Let he who is without gin cast the first stone
Urban Dirt's two cents on the Sloshed Supremo is running on Timesonline, but here it is again for the benefit of UD subscribers.
For a few hours on Sunday, it seemed that Shoichi Nakagawa might get away with his mangled moments
at that press conference in Rome. Why? Because democracy in Japan simply wasn’t working.
The now infamous footage of his pathetic battle with chemistry was only a short, barely analysed, story towards the end of the news. Japanese people went to bed with the usual “shikata ga nai” – “it can’t be helped” – shrug of the shoulders and a satisfied sense that all politicians are basically idiots.
Even when they woke to read the papers, Mr Nakagawa’s crime seemed fairly minor – mainly because the local press was loyally buying the official spin about cough mixture and jetlag. The Japanese public shrugged again and satisfied themselves with the words of an ancient Japanese proverb: “tabi no haji wa kaki shite” – “the traveller discards his sense of shame”. The Finance Minister’s disgrace, after all, took place thousands of miles away.
But then, partly courtesy of the internet, it all turned sour. Certainly, the millions of clicks on the online footage of the incident made Mr Nakagawa’s position more untenable by the second. But the public was riled by something even more infuriating: the way that the mainstream Japanese media was dealing with the story.
Suddenly, there was no shortage of people – MPs, Cabinet ministers, former prime ministers, bureaucrats and business leaders – prepared to go on air, shake their heads sadly and declare that they had known for some time that Mr Nakagawa had a liking for booze that may not have been under control.
That really was too much for the Japanese public and, to judge by the traffic on the web chatrooms, they are not going to take this one with a shrug. Every person who has emerged as a post-fact whistleblower on Mr Nakagawa’s drinking issues is, perhaps unwittingly, making themselves a legitimate target for the same criticism levelled against the former Finance Minister.
All of those timid accusers, pointing their fingers from the safety of Mr Nakagawa’s resignation had, in both democratic and patriotic terms, a duty to say something in public much earlier if they thought that the world’s second biggest economy had a drunkard at the wheel.
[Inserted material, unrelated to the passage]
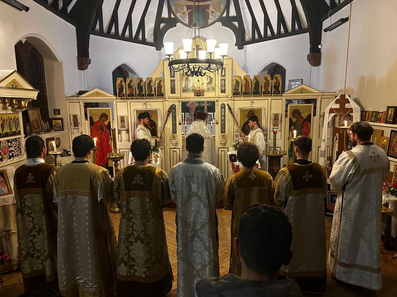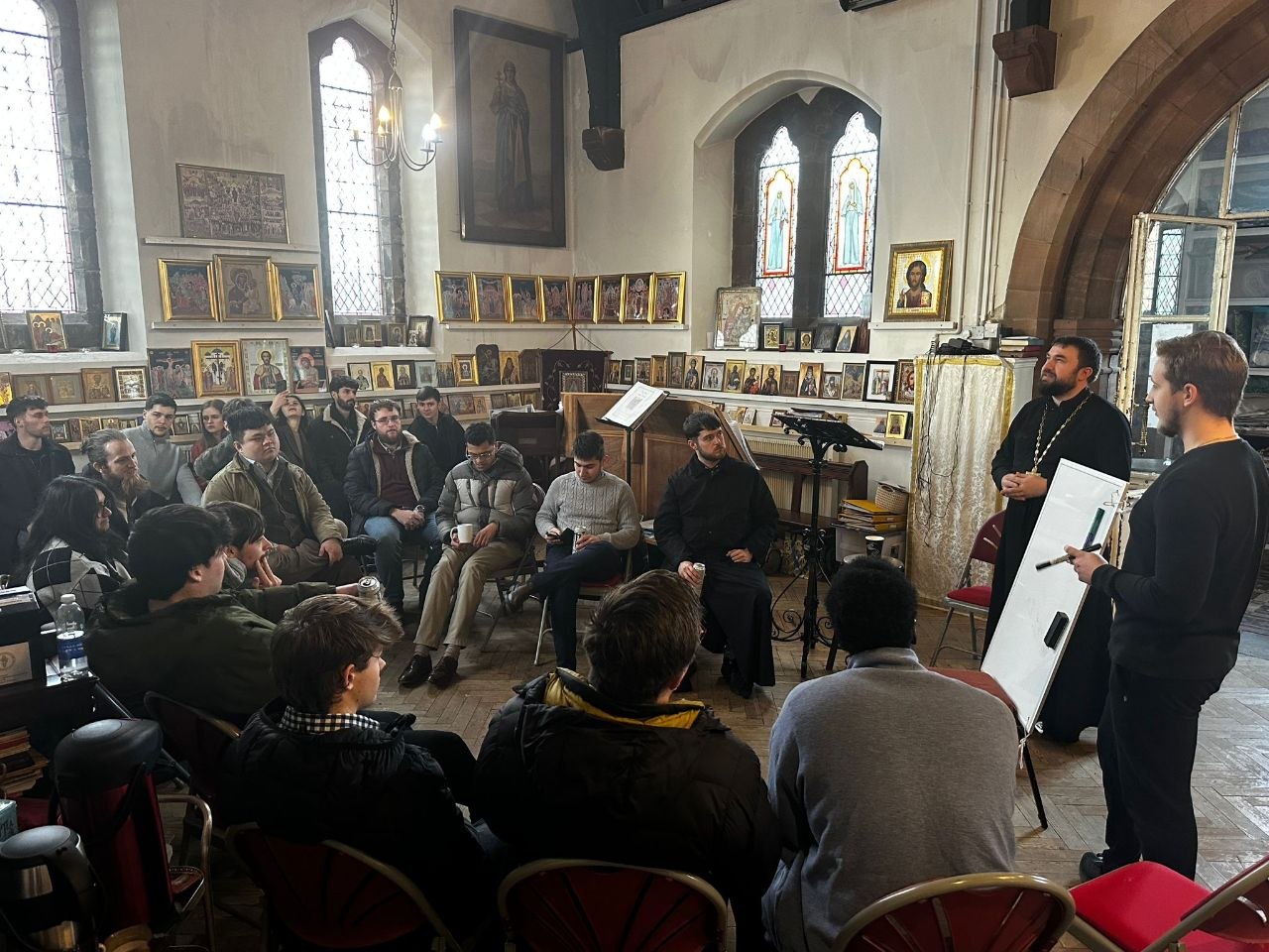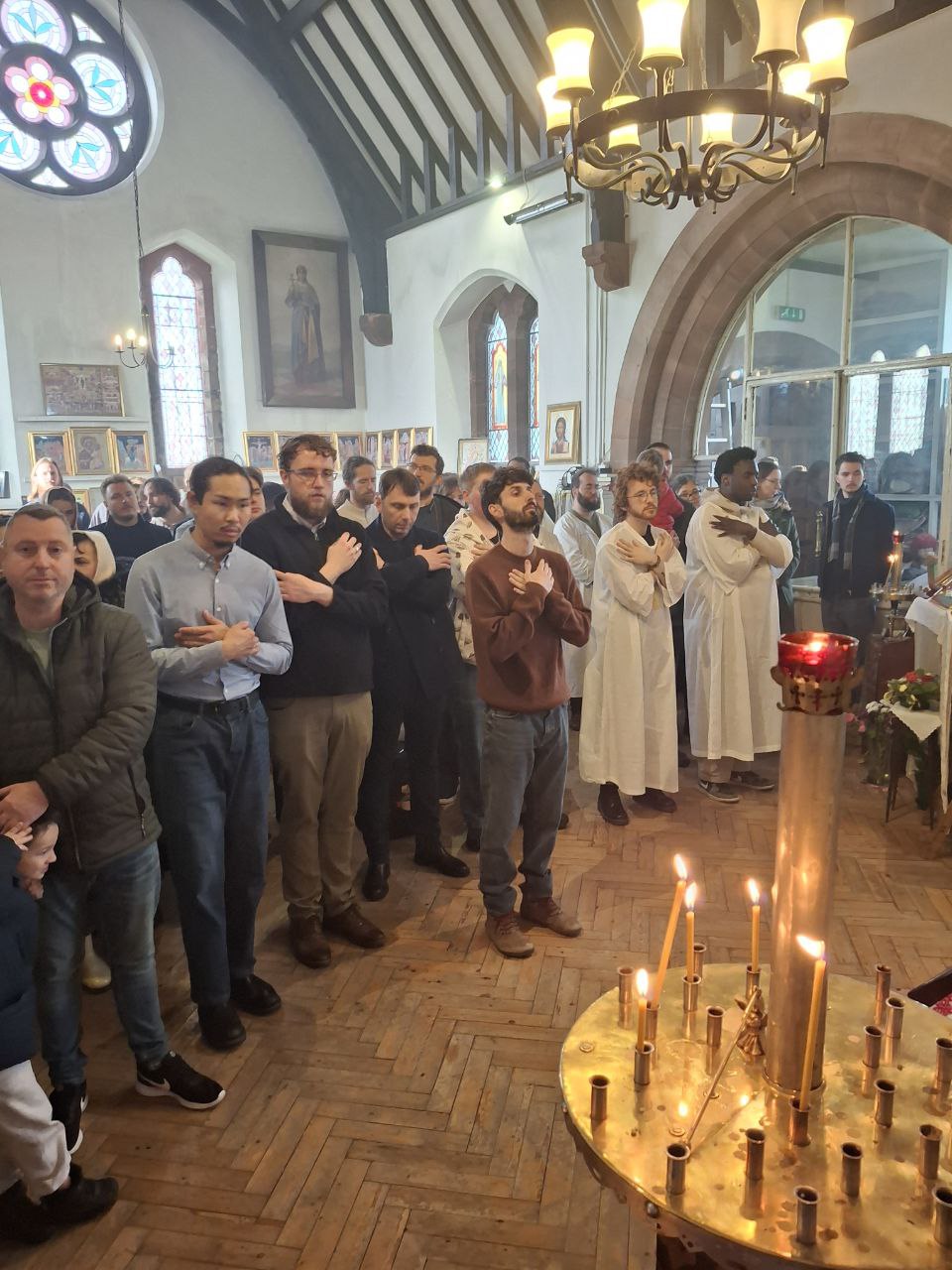 Молодые люди прибыли в Мерсисайд в пятницу 10 / 23 января и были тепло встречены священником Иустином Венном и чтецом Серафимом Уильямсом. Отец Иустин произнес первую беседу, посвященную иконографии; вторую беседу — о Лице Христа и о том, как мы призваны служить Ему, — провел настоятель прихода, протоиерей Павел Эллиотт. После этого была совершена вечерня, возглавленная отцом Павлом при участии добровольных прислужников и чтецов.

If they thought that it didn’t matter, they are doubly culpable.

Drunkards have a fine history of leading a nation. Look at Winston Churchill in your country; Look at George W. Bush in the United States.
To the western eye, he probably appears to be an out-of-control alkie. In the Far East, it's seen differently.
It's well known, amongst the boys in the press clubs that Nakagawa is an adherent of Drunken Monkey Kung-Fu, a popularized in the Jackie Chan movie. You know, it's the martial art where the drunker you are, the more powerful you become. He, like Prime Minister Aso, is a staunch Jackie Chan fan and simply applying the principles of DMKF to the political arena. Rather than be condemned, he should be rewarded for his daring experiment. He's not a disgrace to Japan--he's a Japanese Churchill. The mainstream press understands this. It's a shame that a few dozen know-nothing barbaric bloggers and eurocentric journalists would sully his image and his honor.
I only hope the Japanese people have the sense to stick behind him. Ganbatte, Shoichi-kun.